Álvaro Garcia, diretor de marketing da Flutter Brazil (detentora das marcas Betnacional e Betfair), avaliou que a segurança jurídica trazida pelas novas regras é fundamental, mas ressaltou a necessidade de foco na repressão a operadores irregulares.

“A regulamentação foi muito boa. Na Flutter, nossa visão é que é uma das melhores do mundo. O objetivo é consolidar esse mercado de entretenimento. É uma grande segurança para as operadoras ter essa regulamentação”, comenta.

“Agora precisamos combater as bets ilegais. Dentro da regulamentação, no ano passado, as bets tiveram R$ 37 bilhões de faturamento, pagaram R$10 bilhões em impostos e investiram mais R$ 10 bilhões em publicidade e patrocínio”, lista o executivo.

Para ele, é um setor que corre riscos com o aumento de impostos, o que beneficiaria o mercado ilegal. “O objetivo hoje é garantir que o mercado funcione e é preciso combater o mercado ilegal”, afirma ele.

Mercado

A experiência internacional, especialmente a britânica, foi utilizada como parâmetro para a análise do momento brasileiro. Na Premier League, restam poucos meses para a proibição definitiva de patrocínios másteres de empresas de apostas, embora a publicidade ainda seja permitida em outras partes do uniforme.

Especialistas estimam que clubes menores da liga inglesa possam enfrentar uma perda coletiva de £ 80 milhões com o fim desses contratos.

Bernardo Cavalcanti Freire, sócio da BetLaw, destacou que o aumento excessivo de impostos em países como Holanda e Portugal resultou em perda de arrecadação, pois os apostadores migraram para plataformas ilegais, que se tornam mais atrativas.

Para ele, a solução também não é a proibição das bets de operarem legalmente no Brasil. Ele afirma que hoje os dois maiores mercados do planeta são China e Índia, impulsionados pela superpopulação de cada país. Em ambos, as casas de apostas não são regulamentadas, o que não impediu que haja apostadores.

“No Brasil, mesmo com a regulamentação, as bets ilegais ainda são responsáveis por 40% a 50% do faturamento do mercado”, aponta.

Regulação

A estrutura de fiscalização do governo brasileiro também foi alvo de críticas.
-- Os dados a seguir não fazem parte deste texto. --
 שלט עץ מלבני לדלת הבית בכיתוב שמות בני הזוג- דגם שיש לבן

Marcelo Damato, diretor-presidente da Pequi Consultoria de Regulação e Negócios e ex-assessor da Secretaria de Prêmios e Apostas (SPA) do Ministério da Fazenda, apontou a desproporção entre o tamanho do mercado e o efetivo estatal disponível para monitorá-lo.
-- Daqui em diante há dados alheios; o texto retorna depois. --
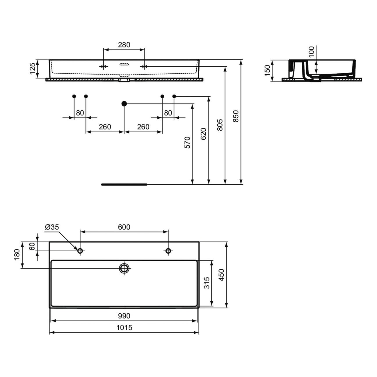 Der Extra Waschtisch von Ideal Standard überzeugt durch sein klares, quadratisches Design und schafft so eine moderne, offene Atmosphäre in jedem Badezimmer. Mit seiner Breite von 101,5 cm bietet der Waschtisch viel Raum für Ihre tägliche Pflegeroutine. Dank der zwei Hahnlöcher rechts und links sind vielfältige Armaturenoptionen möglich. Der geschlitzte Überlauf setzt dabei ein elegantes Detail. Die geschliffene Unterseite sorgt für eine passgenaue Montage. Gefertigt aus hochwertigem Feinfeuerton überzeugt der Waschtisch nicht nur durch seine zeitlose Ästhetik, sondern auch durch seine langlebige Qualität.

“Para combater o ilegal e manter o mercado legal na linha, a SPA tem dois funcionários. Para você comparar, a autoridade pública de proteção de dados no Brasil virou agência neste mês. Eles têm 300 pessoas”, compara.  

“Se a estrutura [da SPA] fosse maior, poderia combater o mercado ilegal e fiscalizar o mercado legal”, completa.

Damato ainda classificou a legislação brasileira como uma “colcha de retalhos” e “obsoleta”, mencionando que a proibição de apostas em eventos não esportivos.

Entretenimento

A diferenciação entre aposta como forma de lazer e como suposto investimento é um dos pilares defendidos pelas empresas legalizadas. Garcia, da Flutter, reforçou o papel pedagógico das marcas no combate à ludopatia (vício em apostas).

“Quero trazer papel de protagonismo das bets que é promover aposta como entretenimento, não como investimento. É nosso papel ter ferramentas de controle e lançar campanhas educativas”, afirma o executivo.

Garcia lembra de campanha recente da Betnacional em que utilizou a imagem de Vini Jr., embaixador da marca, transformado em Vini Sr., para ressaltar a importância do consumo consciente nas apostas.

Manipulação

Freire complementou que um dos principais motores para a regulamentação foi o combate à manipulação de resultados. Ele pontuou que o mercado de previsões, recentemente proibido no Brasil após portaria do Ministério da Fazenda, operava fora da legislação de apostas. Para o executivo, a permissão desse tipo de serviço deve ser feita com amparo legal adequado.

“Um dos maiores impulsos da regulamentação foi manipulação de resultados. Mercado de predições não estava obedecendo à regulamentação. Se quer fazer predição, precisa fazer uma alteração legal. Hoje a autorização do mercado de previsão está restrita a  derivativos sob normas da  (CVM [Comissão de Valores Mobiliários]. Aprovamos eles , desde que paguem a conta”, afirma Freire.